Take every record and write it out again exactly, with no images included.
········
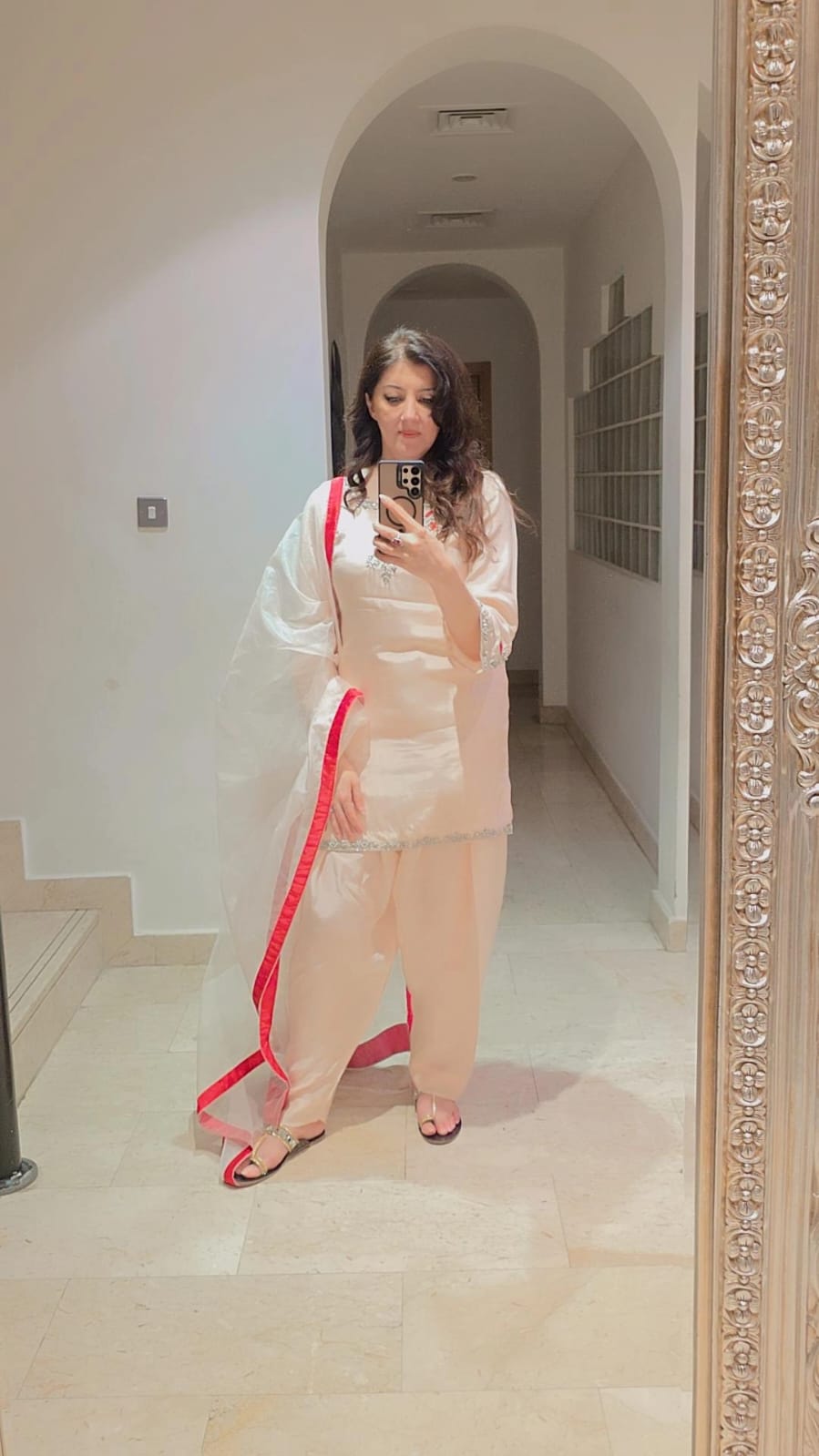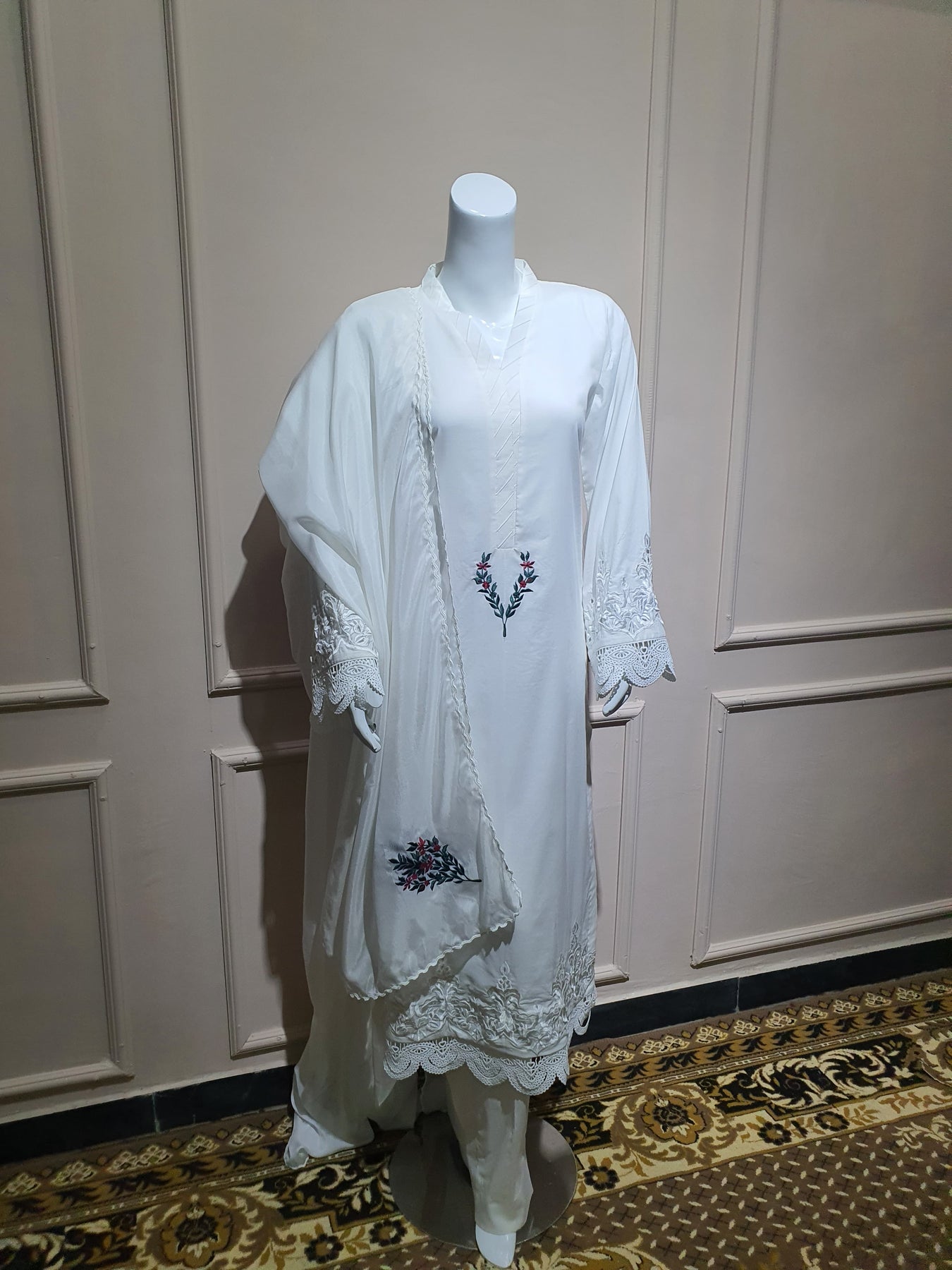 A story of timeless charm, breezy comfort, and unapologetic style — this look defines what summer dreams are made of. 🌿 This dress has threadwork embroidery on daman, sleeves hem and motifs made with rich green and red color, paired with soft silk dupatta, featuring motifs on corners.
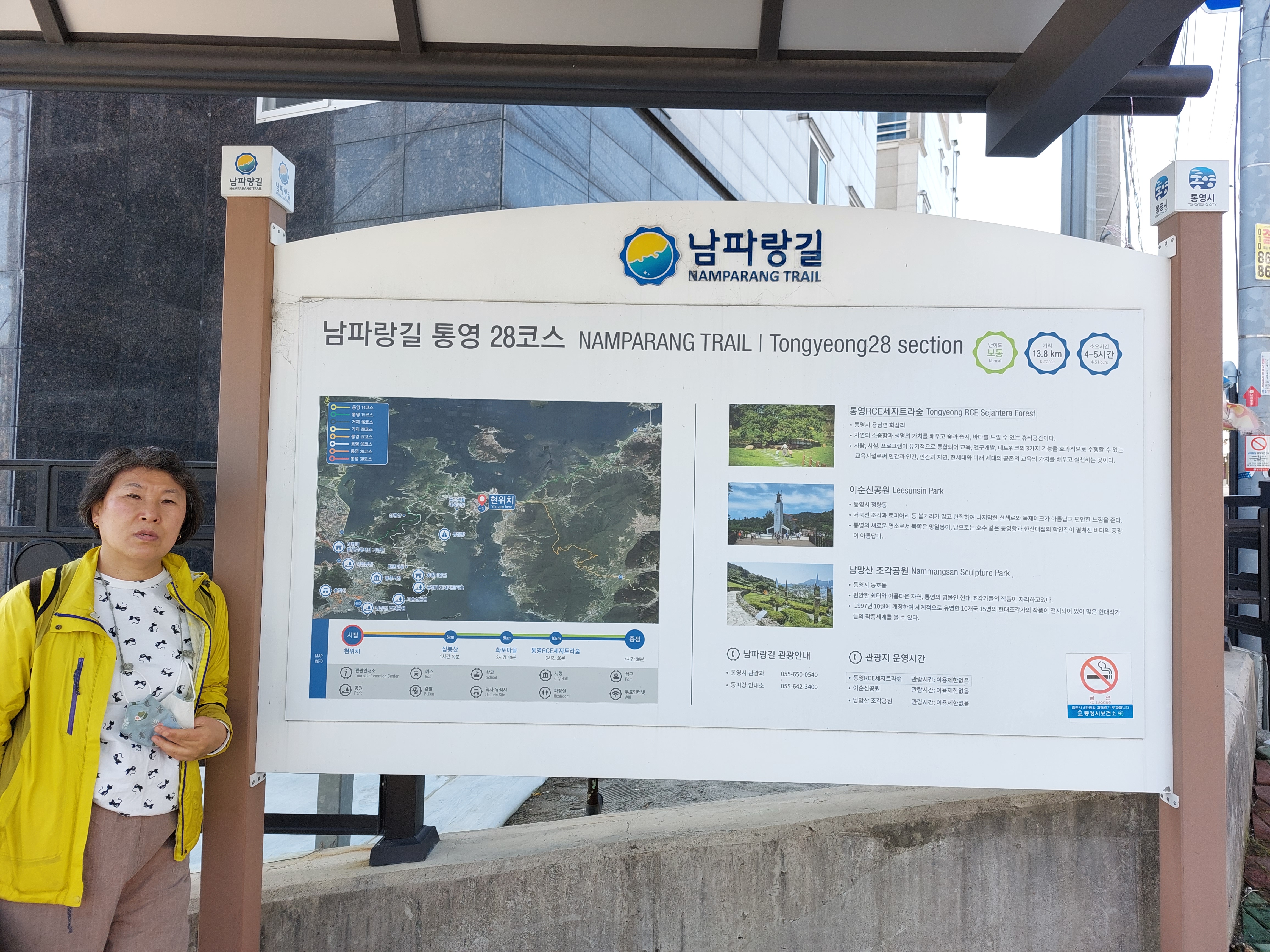 3. 트래킹 코스 : 토월성원 딸 자가용 (06:10) - 거제 둔덕면 방하3거리(07:20) -둔덕기성(08:26) -오량교차로-오량초등학교-거제대교-신촌마을(27코스 종점 및 28코스 시작점,10:10)-장흥고씨 통영문중 추모공원(10:44)-통영생활체육공원 용남구장(11:00)-삼화삼거리-양촌마을입구(11:27)-음촌마을-삼봉산,이봉산,일봉산 기슭 임도(11:35-12:45) -용남면사무소-창원지방검찰청 통영지청-용남해안로(선촌마을,13:10)-세자트라숲(13:35)-이순신공원(14:10)-남망산조각공원입구,28코스 종점(15:30)-중앙시장 버스정류소 시내버스 401번탑승-통영터미널 탑승(16:41)-남마산도착(18:10)-토월성원(19:10)
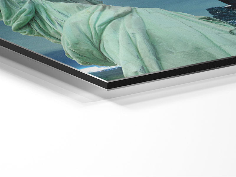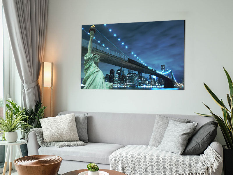 Statue Of Liberty Brooklyn Bridge Nights Printed on brushed aluminium dibond. A modern way to display art and easy to maintain.
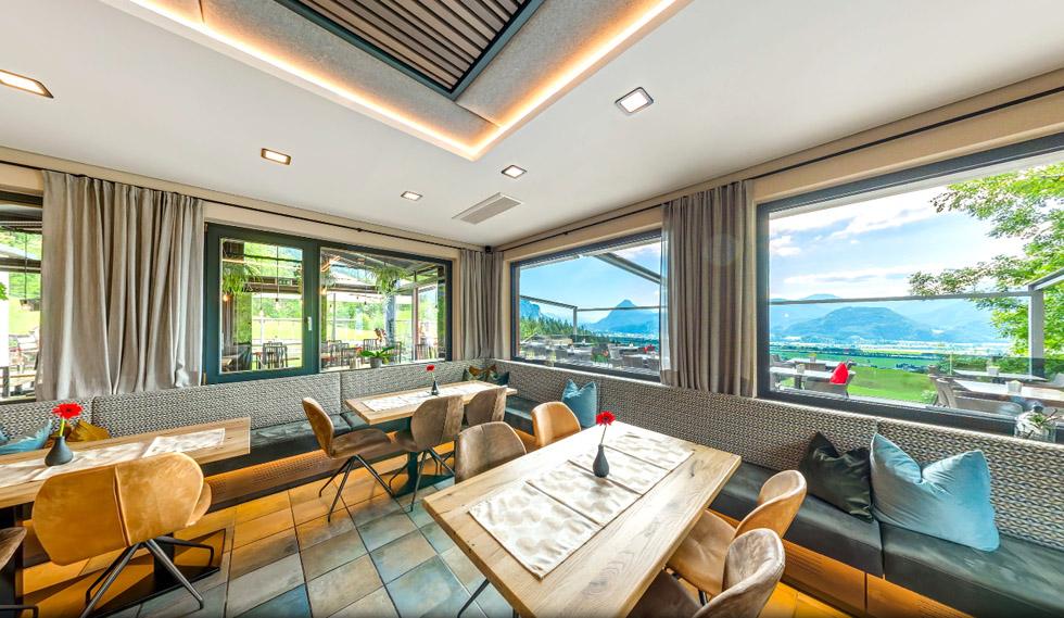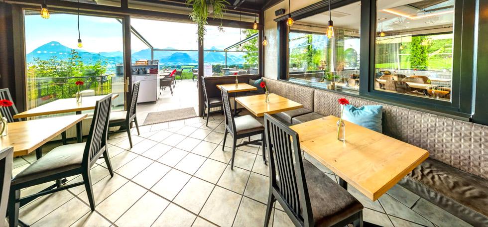 Auch in den Räumlichkeiten im Haus ist die Zeit nicht stehengeblieben. Im Wintergarten, welcher 2018 neu gestaltet wurde, haben ca. 32 Personen Platz. Im Lokal und Barbereich, den wir 2019 erneuert haben, finden ca. 40 und 12 Personen Platz.
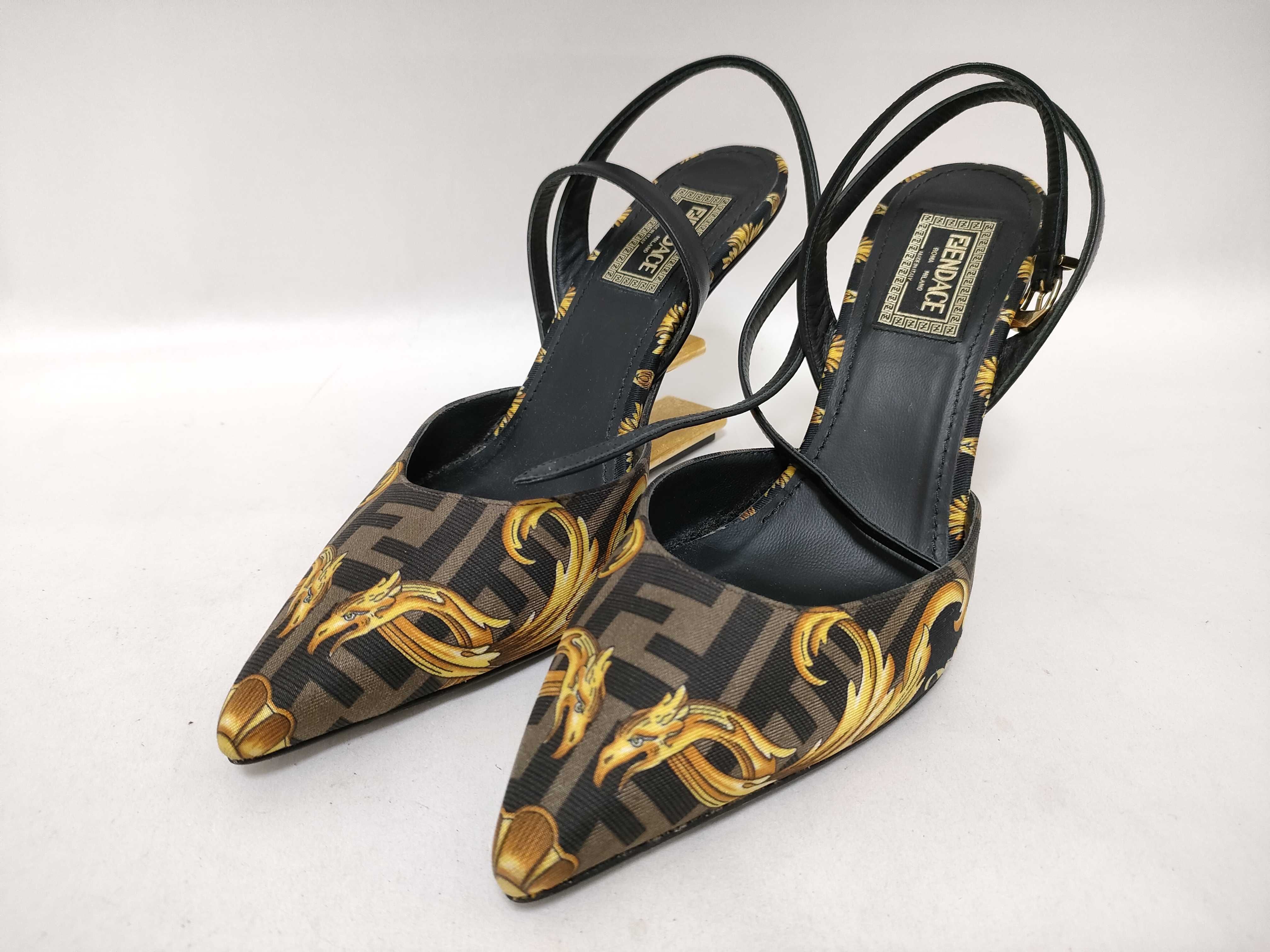 (F_0199)Salvatore Ferragamo フェンダーチェ フェンディ × ヴェルサーチ ハイヒール パンプス
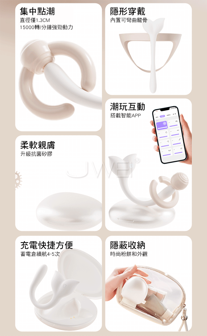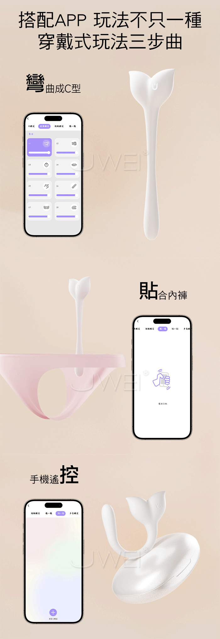 小鯨尾穿戴式的G點探索筆,可彎穿戴·智能遙控·隱形靜音 1.3cm直徑設計 輕鬆入體,內置可彎曲龍骨,精準點潮 8檔調頻 觸電般得綿密震感,15000/轉,更高轉速快感急速猛 產品規格 ■尺寸:大小詳如圖片標示 ■材質:矽膠+ABS ■功能:8頻震動、APP智控
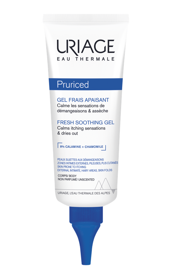 INOVAÇÃO PRURICED ANTI-PRURIDO Este gel fresco acalma a comichão, o formigueiro e o desconforto cutâneo das zonas com pêlos em risco de maceração (pregas cutâneas, zona anogenital); é indicado para todos os tipos de pele. Princípios ativos dermatológicos: . AÇÃO ANTI-PRURIDO A sua elevada concentração de princípios ativos dermatológicos calmantes reduz as sensações de prurido, acalma e seca a pele. INOVAÇÃO PATENTEADA Ação patenteada exclusiva Uriage sobre os receptores PAR-2 responsáveis pela sensação de prurido. ELEVADA TOLERÂNCIA A Água Termal Uriage suaviza e acalma todos os tipos de pele, mesmo as sensíveis. Testada dermatologicamente. Indicada para recém-nascidos, crianças, adultos e idosos.
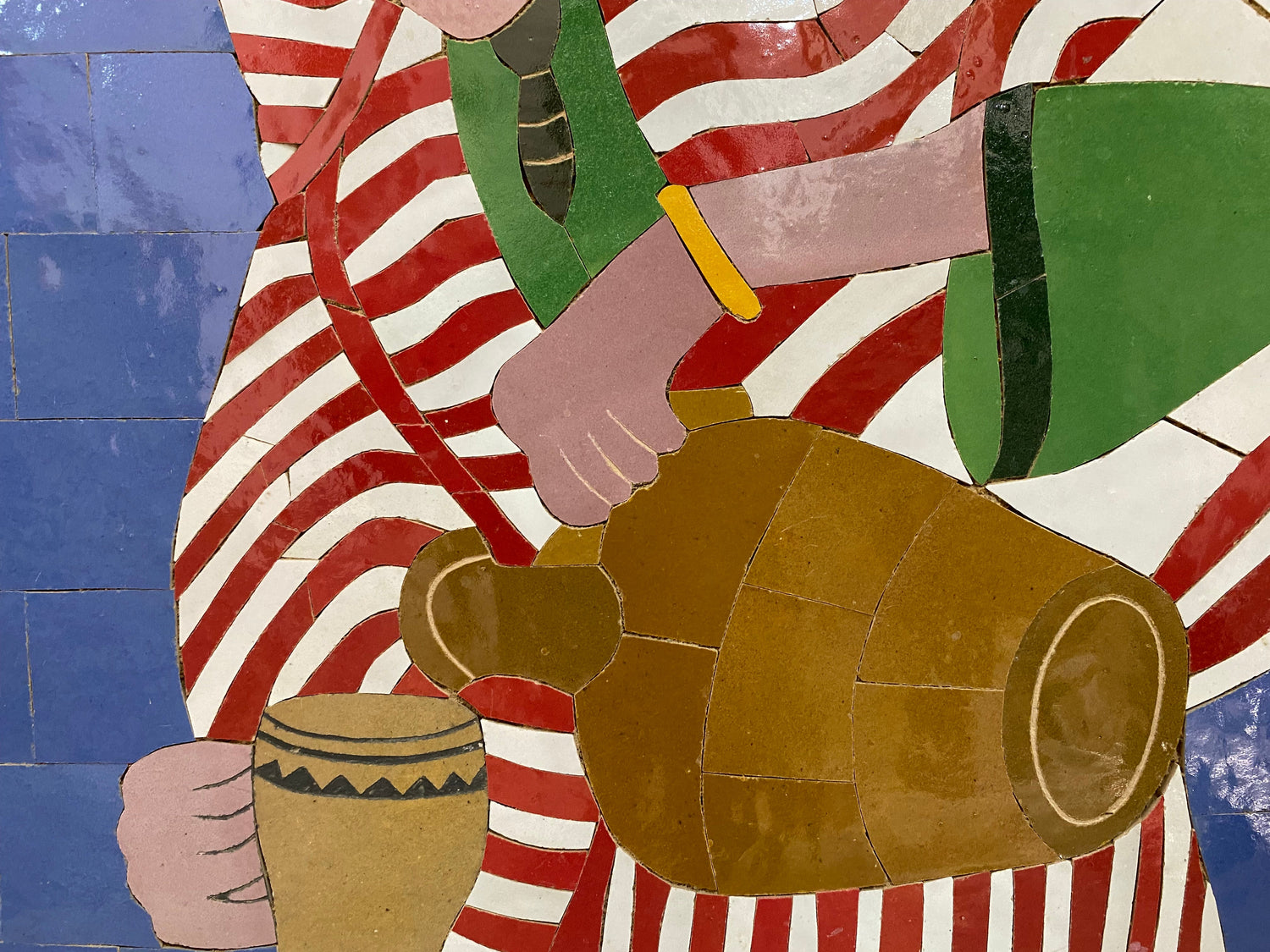 Made from mosaic , tiles , iron
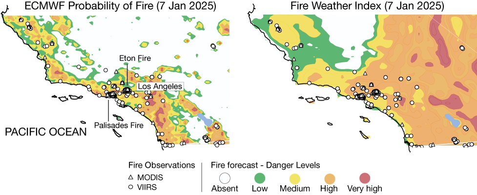 Traditional fire danger indices often fail to clearly identify areas at risk of ignition, relying solely on weather conditions to assess fire risk. While they are excellent at highlighting broad regions of concern, they tend to over-predict fire occurrence and fail to provide the precision needed for targeted action. This was the case during the Los Angeles fires, where critical fire weather conditions were flagged across a wide area using traditional fire weather forecasts (EFFIS/GWIS), but these lacked the specificity to identify ignition hotspots. ECMWF’s new data-driven fire danger model, the Probability of Fire (PoF), is designed to go beyond using just weather (Figure 3).
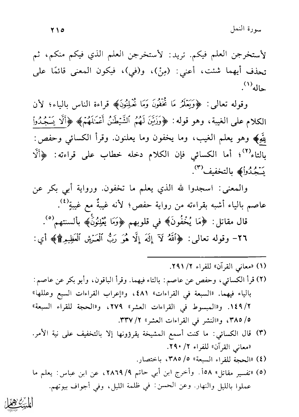 والمعنى: اسجدوا لله الذي يعلم ما تخفون. ورواية أبي بكر عن عاصم بالياء أشبه بقراءته من رواية حفص؛ لأنه غيبةٌ مع غيبةٍ (¬4).
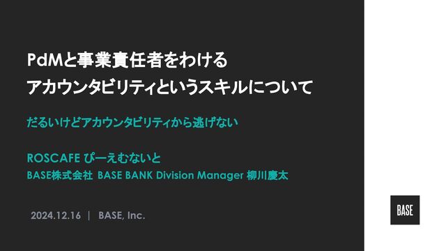 PdMと事業責任者をわける アカウンタビリティというスキルについて だるいけどアカウンタビリティから逃げない ROSCAFE ぴーえむないと BASE株式会社 BASE BANK Division Manager 柳川慶太 2024.12.16
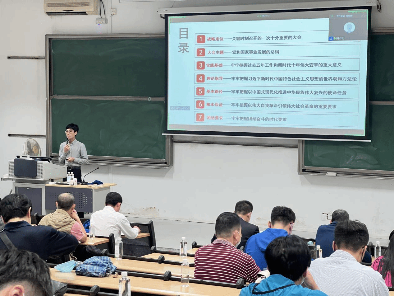 李宏博士围绕党的二十大报告十五个部分,从大会主题、战略定位、实践基础、理论指导、基本路径、根本保证、团结要求七个方面进行了详细讲述。李宏博士指出马克思主义是我们立党立国的根本指导思想,党的二十大报告明确了我们党要全面贯彻习近平新时代中国特色社会主义思想,弘扬伟大建党精神,自信自强、守正创新,踔厉奋发、勇毅前行,为全面建设社会主义现代化国家、全面推进中华民族伟大复兴而团结奋斗。
········
■ Result of the exercise:
 A story of timeless charm, breezy comfort, and unapologetic style — this look defines what summer dreams are made of. 🌿 This dress has threadwork embroidery on daman, sleeves hem and motifs made with rich green and red color, paired with soft silk dupatta, featuring motifs on corners.
 3. 트래킹 코스 : 토월성원 딸 자가용 (06:10) - 거제 둔덕면 방하3거리(07:20) -둔덕기성(08:26) -오량교차로-오량초등학교-거제대교-신촌마을(27코스 종점 및 28코스 시작점,10:10)-장흥고씨 통영문중 추모공원(10:44)-통영생활체육공원 용남구장(11:00)-삼화삼거리-양촌마을입구(11:27)-음촌마을-삼봉산,이봉산,일봉산 기슭 임도(11:35-12:45) -용남면사무소-창원지방검찰청 통영지청-용남해안로(선촌마을,13:10)-세자트라숲(13:35)-이순신공원(14:10)-남망산조각공원입구,28코스 종점(15:30)-중앙시장 버스정류소 시내버스 401번탑승-통영터미널 탑승(16:41)-남마산도착(18:10)-토월성원(19:10)
 Statue Of Liberty Brooklyn Bridge Nights Printed on brushed aluminium dibond. A modern way to display art and easy to maintain.
 Auch in den Räumlichkeiten im Haus ist die Zeit nicht stehengeblieben. Im Wintergarten, welcher 2018 neu gestaltet wurde, haben ca. 32 Personen Platz. Im Lokal und Barbereich, den wir 2019 erneuert haben, finden ca. 40 und 12 Personen Platz.
 (F_0199)Salvatore Ferragamo フェンダーチェ フェンディ × ヴェルサーチ ハイヒール パンプス
 小鯨尾穿戴式的G點探索筆,可彎穿戴·智能遙控·隱形靜音 1.3cm直徑設計 輕鬆入體,內置可彎曲龍骨,精準點潮 8檔調頻 觸電般得綿密震感,15000/轉,更高轉速快感急速猛 產品規格 ■尺寸:大小詳如圖片標示 ■材質:矽膠+ABS ■功能:8頻震動、APP智控
 INOVAÇÃO PRURICED ANTI-PRURIDO Este gel fresco acalma a comichão, o formigueiro e o desconforto cutâneo das zonas com pêlos em risco de maceração (pregas cutâneas, zona anogenital); é indicado para todos os tipos de pele. Princípios ativos dermatológicos: . AÇÃO ANTI-PRURIDO A sua elevada concentração de princípios ativos dermatológicos calmantes reduz as sensações de prurido, acalma e seca a pele. INOVAÇÃO PATENTEADA Ação patenteada exclusiva Uriage sobre os receptores PAR-2 responsáveis pela sensação de prurido. ELEVADA TOLERÂNCIA A Água Termal Uriage suaviza e acalma todos os tipos de pele, mesmo as sensíveis. Testada dermatologicamente. Indicada para recém-nascidos, crianças, adultos e idosos.
 Made from mosaic , tiles , iron
 Traditional fire danger indices often fail to clearly identify areas at risk of ignition, relying solely on weather conditions to assess fire risk. While they are excellent at highlighting broad regions of concern, they tend to over-predict fire occurrence and fail to provide the precision needed for targeted action. This was the case during the Los Angeles fires, where critical fire weather conditions were flagged across a wide area using traditional fire weather forecasts (EFFIS/GWIS), but these lacked the specificity to identify ignition hotspots. ECMWF’s new data-driven fire danger model, the Probability of Fire (PoF), is designed to go beyond using just weather (Figure 3).
 والمعنى: اسجدوا لله الذي يعلم ما تخفون. ورواية أبي بكر عن عاصم بالياء أشبه بقراءته من رواية حفص؛ لأنه غيبةٌ مع غيبةٍ (¬4).
 PdMと事業責任者をわける アカウンタビリティというスキルについて だるいけどアカウンタビリティから逃げない ROSCAFE ぴーえむないと BASE株式会社 BASE BANK Division Manager 柳川慶太 2024.12.16
 李宏博士围绕党的二十大报告十五个部分,从大会主题、战略定位、实践基础、理论指导、基本路径、根本保证、团结要求七个方面进行了详细讲述。李宏博士指出马克思主义是我们立党立国的根本指导思想,党的二十大报告明确了我们党要全面贯彻习近平新时代中国特色社会主义思想,弘扬伟大建党精神,自信自强、守正创新,踔厉奋发、勇毅前行,为全面建设社会主义现代化国家、全面推进中华民族伟大复兴而团结奋斗。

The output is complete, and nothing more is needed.